Data in this exercise:
====
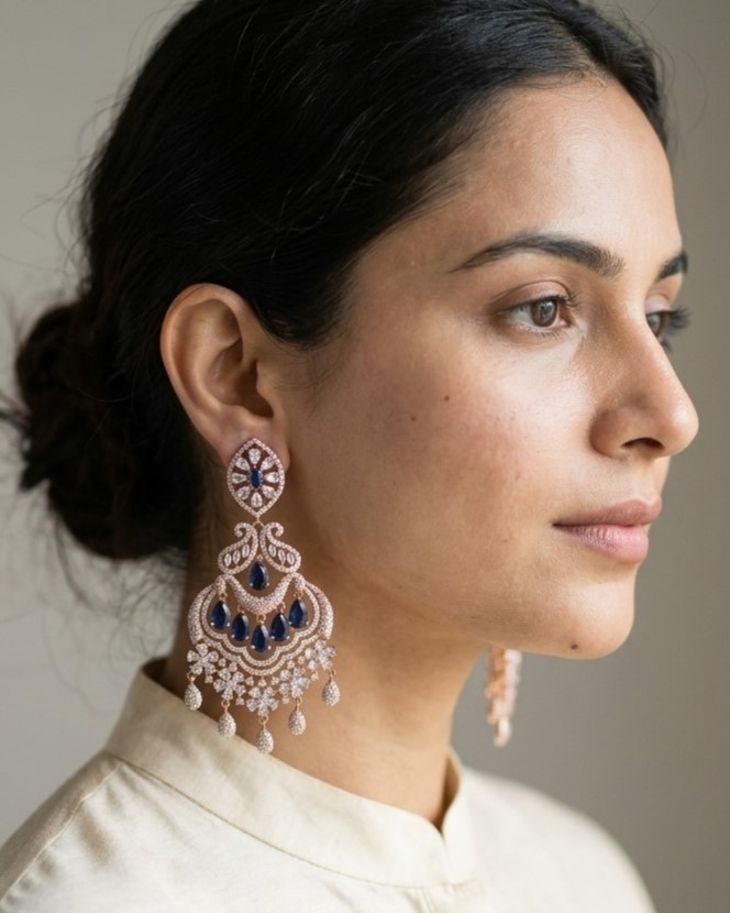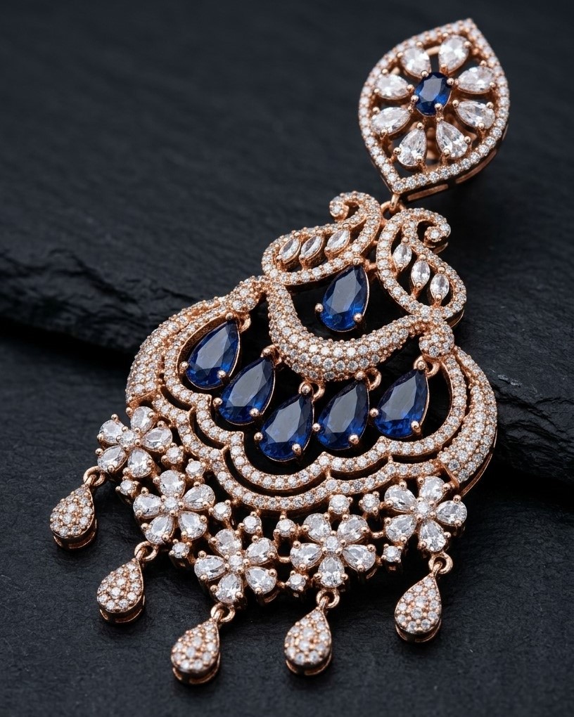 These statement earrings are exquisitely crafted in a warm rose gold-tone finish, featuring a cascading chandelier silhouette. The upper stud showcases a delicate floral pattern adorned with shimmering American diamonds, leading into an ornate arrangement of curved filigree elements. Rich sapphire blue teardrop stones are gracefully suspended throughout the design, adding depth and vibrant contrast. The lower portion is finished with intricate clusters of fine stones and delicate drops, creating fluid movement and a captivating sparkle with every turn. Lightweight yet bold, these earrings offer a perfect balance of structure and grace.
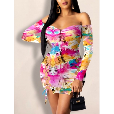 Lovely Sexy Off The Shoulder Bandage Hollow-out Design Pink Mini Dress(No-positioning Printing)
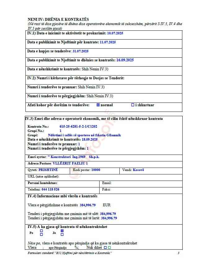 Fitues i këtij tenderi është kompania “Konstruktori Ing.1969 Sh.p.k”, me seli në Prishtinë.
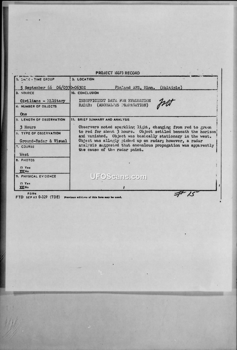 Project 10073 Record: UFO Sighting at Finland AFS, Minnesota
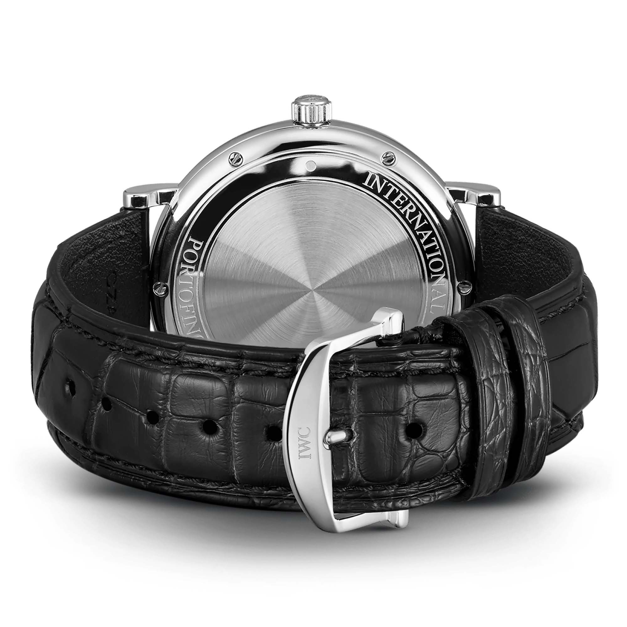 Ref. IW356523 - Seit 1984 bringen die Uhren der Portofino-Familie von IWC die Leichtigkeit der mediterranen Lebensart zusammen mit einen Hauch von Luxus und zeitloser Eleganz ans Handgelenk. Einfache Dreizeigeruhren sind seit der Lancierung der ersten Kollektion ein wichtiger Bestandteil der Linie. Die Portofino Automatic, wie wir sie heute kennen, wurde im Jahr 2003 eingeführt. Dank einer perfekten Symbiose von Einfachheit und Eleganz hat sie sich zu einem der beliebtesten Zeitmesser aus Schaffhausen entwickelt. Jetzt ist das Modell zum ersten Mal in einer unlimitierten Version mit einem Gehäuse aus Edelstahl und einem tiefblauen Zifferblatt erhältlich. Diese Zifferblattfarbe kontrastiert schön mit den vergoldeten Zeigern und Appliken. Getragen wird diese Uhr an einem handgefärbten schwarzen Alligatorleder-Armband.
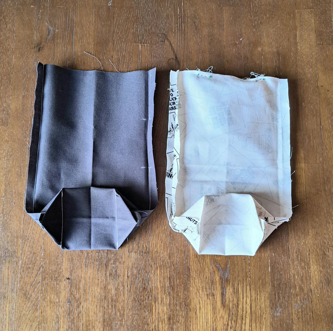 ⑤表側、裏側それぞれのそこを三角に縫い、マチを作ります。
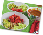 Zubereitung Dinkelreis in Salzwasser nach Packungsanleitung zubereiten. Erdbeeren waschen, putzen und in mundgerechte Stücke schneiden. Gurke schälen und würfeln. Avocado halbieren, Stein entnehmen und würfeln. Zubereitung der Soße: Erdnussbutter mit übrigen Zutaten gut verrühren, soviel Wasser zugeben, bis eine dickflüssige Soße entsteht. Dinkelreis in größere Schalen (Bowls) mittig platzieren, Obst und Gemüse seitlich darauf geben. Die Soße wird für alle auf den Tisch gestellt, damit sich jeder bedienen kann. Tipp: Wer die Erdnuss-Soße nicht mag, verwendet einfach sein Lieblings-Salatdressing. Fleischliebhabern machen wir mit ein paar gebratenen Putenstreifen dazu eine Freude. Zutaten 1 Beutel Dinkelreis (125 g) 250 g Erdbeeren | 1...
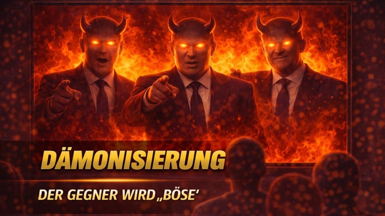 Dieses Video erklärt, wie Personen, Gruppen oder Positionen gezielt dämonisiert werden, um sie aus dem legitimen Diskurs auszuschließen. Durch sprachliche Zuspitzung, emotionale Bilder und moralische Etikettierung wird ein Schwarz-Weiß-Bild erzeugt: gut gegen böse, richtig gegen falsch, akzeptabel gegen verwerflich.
====
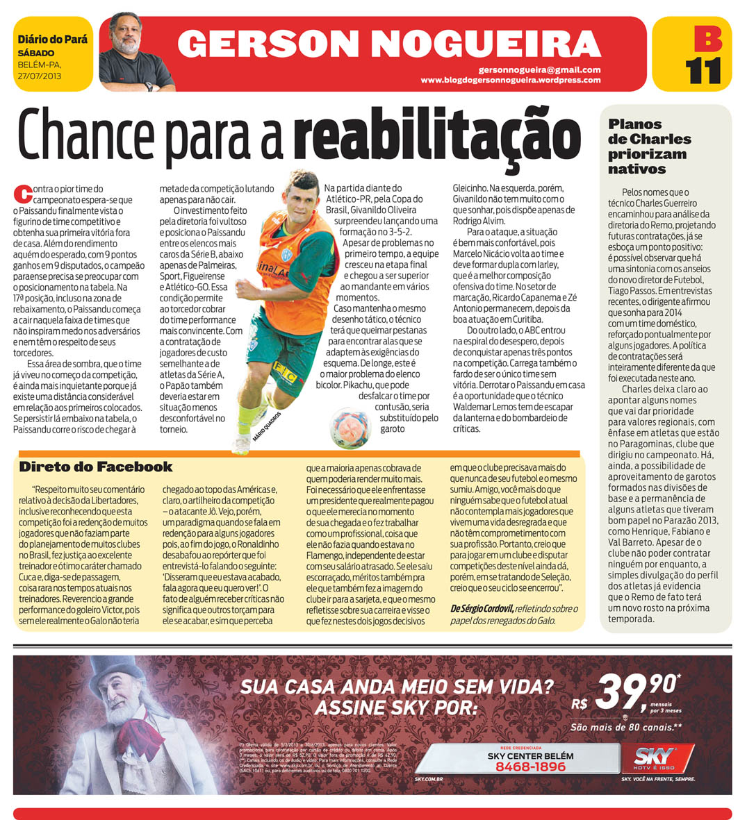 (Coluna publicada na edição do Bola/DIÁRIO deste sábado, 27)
====
Please output, exactly as written, the lines above from the one holding "These statement earrings" through the one holding "Lovely Sexy Off", both included, with the pictures omitted.

Task response:
 These statement earrings are exquisitely crafted in a warm rose gold-tone finish, featuring a cascading chandelier silhouette. The upper stud showcases a delicate floral pattern adorned with shimmering American diamonds, leading into an ornate arrangement of curved filigree elements. Rich sapphire blue teardrop stones are gracefully suspended throughout the design, adding depth and vibrant contrast. The lower portion is finished with intricate clusters of fine stones and delicate drops, creating fluid movement and a captivating sparkle with every turn. Lightweight yet bold, these earrings offer a perfect balance of structure and grace.
 Lovely Sexy Off The Shoulder Bandage Hollow-out Design Pink Mini Dress(No-positioning Printing)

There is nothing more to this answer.